I miss talking to Trevor all of the time.
I miss being able to truly laugh.
I miss being truly happy.
I miss not having to fake a smile.
I miss being young and carefree.
I miss not having to worry.
I miss all of my virtual twins.
I miss everyone I talked to before.
I miss Jeydon.
I miss Jackson.
I miss Dakota.
I miss everyone.
They all left.
I don't know what even happened to Dakota.
I miss Jeydon.
I don't even know why he left.
I miss Jackson.

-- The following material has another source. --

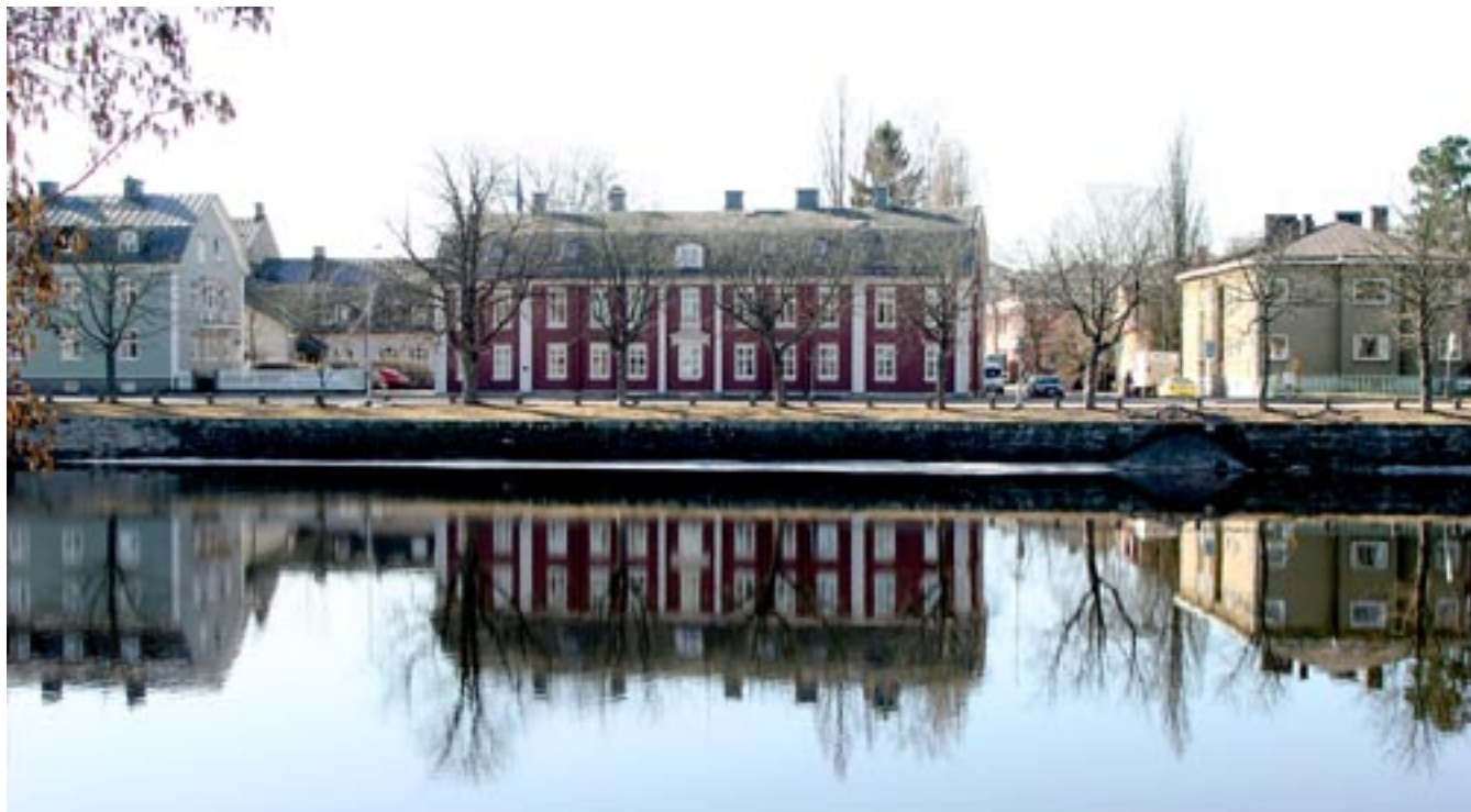
Grevgården vid Klarälvens vatten

He used to be happy.
I miss everyone.

Most of all, I miss the family I had.
We all split up.
We all moved on.
We have our own lives I get that.
But we never talk.
I love the people that I've met now.
But I don't know them too well.
I don't open up to people.
Why can't we go back in time?

Back to our virtual realties?
Right here is better than the real world.
I just want to be held and told it's going to be okay.
But I'll keep up this facade and play the part I'm supposed to play.
I have so many regrets, I've lost count.
I had so many chances but didn't take them.
I've lied so many times.
"I'm fine."

I care so much about how people will view me and what I write.
I hate it.
Alone and broken.
Done and tired.
But I'll be okay.
Darling I'll be okay.
I'll play the part.
The happy scenes. The perfect child.
But the game is getting old.
The rules are needed to be broken.
I'm going to switch these roles.
And play the rebel.
Play the true part I was supposed to play.